The third-quarter meeting of the currency
policy committee (CPC) of the PBOC heard that the central bank had been closely
monitoring the economic and financial situation and using a variety of monetary
policies to curb the sharp growth of loans and maintain a stable financial
However, irrational economic structures, pressure on the environment and
resources and the imbalance of international payments were major problems
threatening China's economy, said a bulletin on the official PBOC website.
The government needs to maintain the continuity and stability of the
macro-control policies to expand domestic demand, improve investment structures,
and to promote the proper growth of investment.
Comprehensive measures should be taken to accelerate the improvement of the
economic structure, to promote the economic growth mode to move onto a more
efficient way, and to realize a harmonious and sustainable development of the
economy, said the bulletin.
Chaired by Zhou Xiaochun, governor of the PBOC, the committee discussed
China's monetary policies in the next phase.

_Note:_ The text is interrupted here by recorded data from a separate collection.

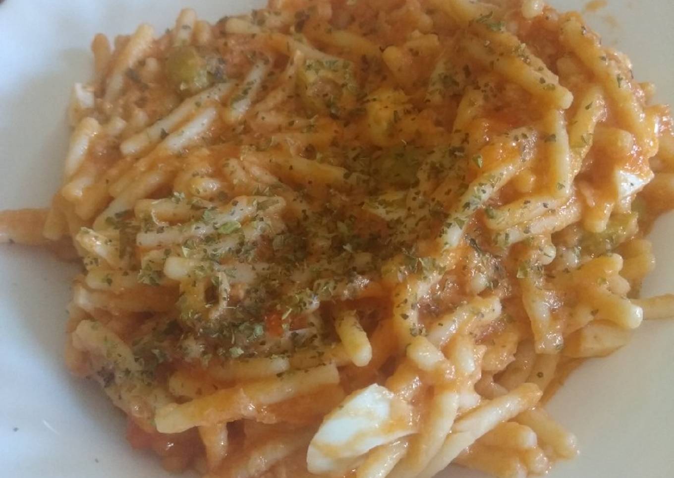 - Picar las aceitunas. Sofreír en una sartén la cebolla y ajo, escurrir en un colador. Poner en un bol los fideos, cebolla, ajo, atún, aceitunas, huevos y salsa de tomate, mezclar. Presentar en un plato llano la fideuá, espolvorear con orégano. Servir.
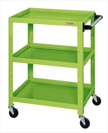 堅牢・安全・美観 三拍子揃った新しいワゴンです。 人にやさしい棚板形状です。
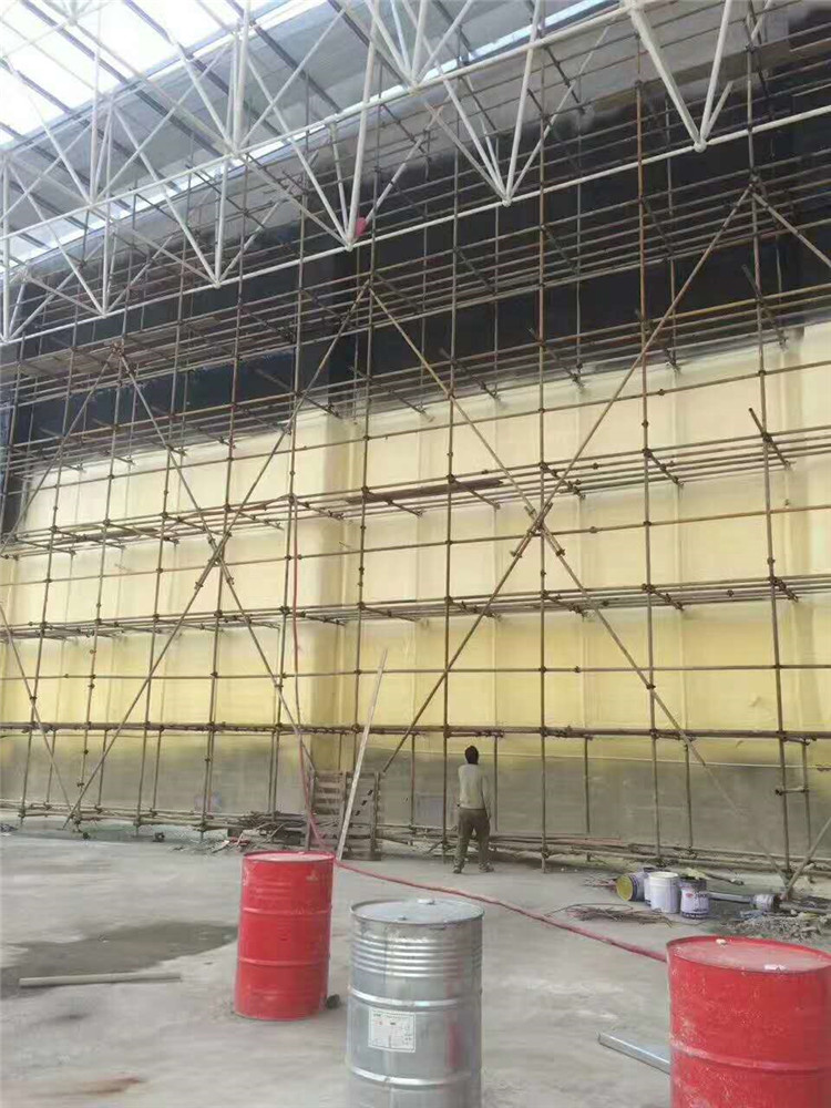 在聚氨酯泡沫表面批涂抹面膠漿,施工時,要做到表面平整,并保持一定濕度。
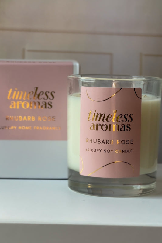 Rhubarb Rose Luxury Scented Candle 200g - 36 Hours Burn Time, Fruity-Floral Fragrance
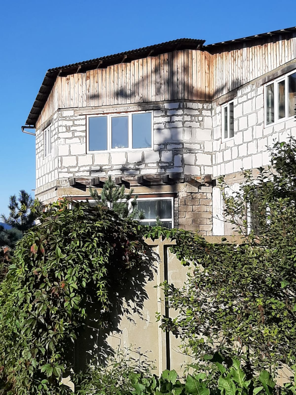 Дом построен из газоблоков, отделка - красный кирпич, толщина стен 30 см
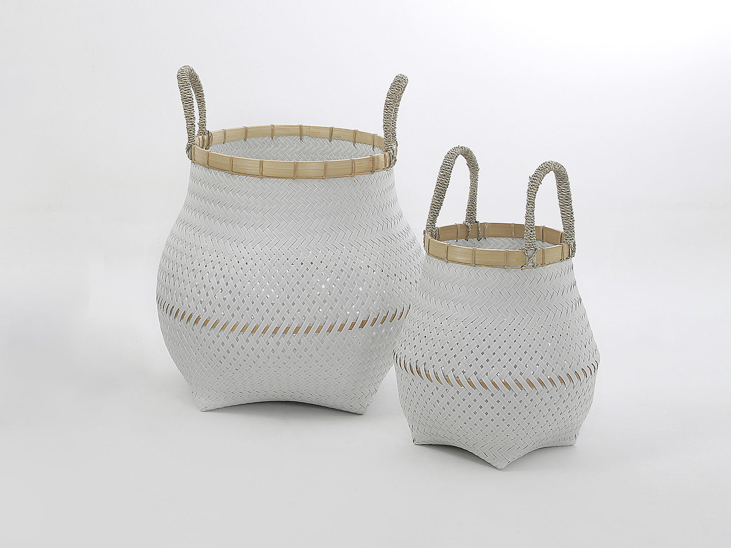 Canasto c/agarr b/nat l gerik. Tejido en rattan sintético, agarraderas en cabuya naútica con detalles en bambú.
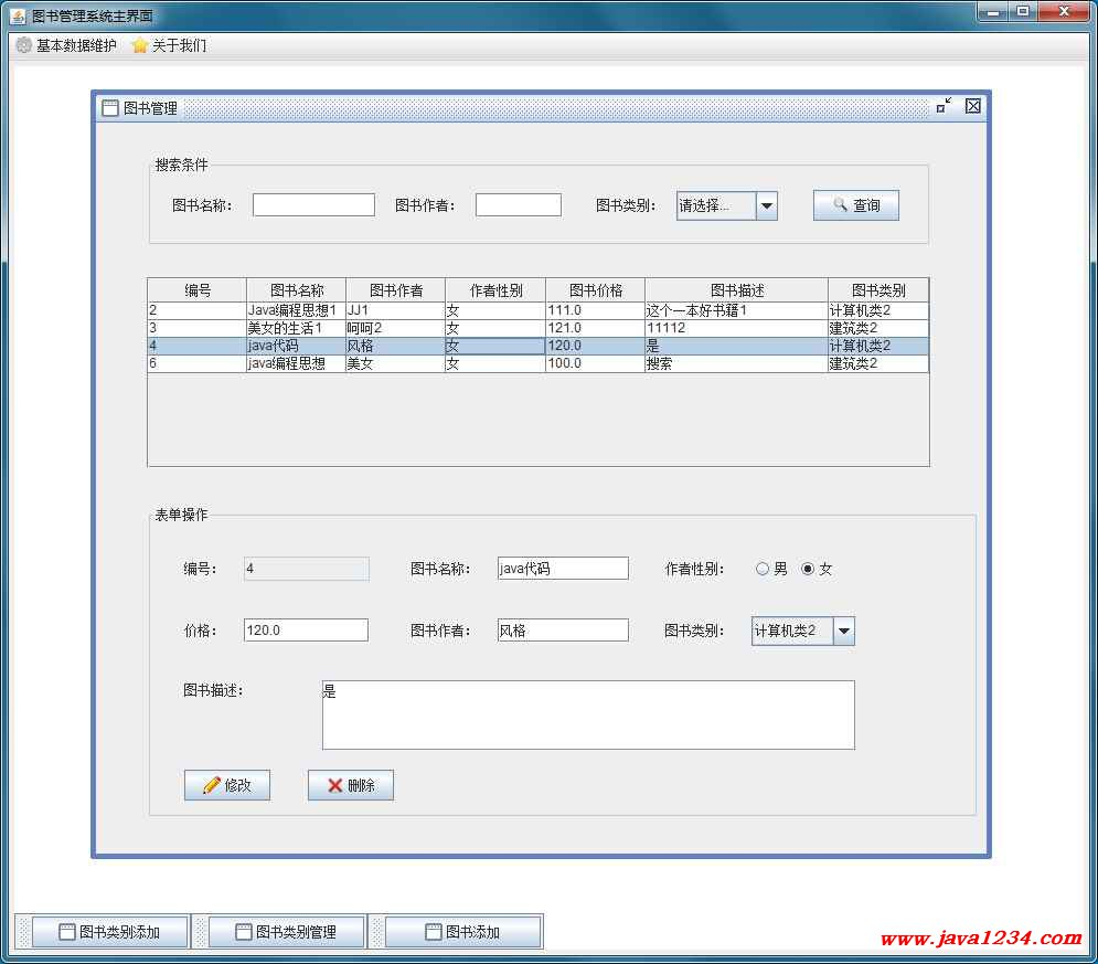 图书表单操作页面:

A prudent monetary policy was recommended as coordination of domestic and
foreign monetary policies, and supervision of fluidity needs to be improved,
said the bulletin.
The growth of loans needed to be controlled at a reasonable level with direct
financing be encouraged and efforts made to expand the intermediate business of
commercial banks to improve their profit and loss structures.
The PBOC reiterated its principles of activeness, preemption and control of
the RMB exchange rate system, it said.
The PBOC would further improve the system of managed floating foreign
currency exchange rates based on market supply and demand to keep the RMB
exchange rate stable at a reasonable and balanced level.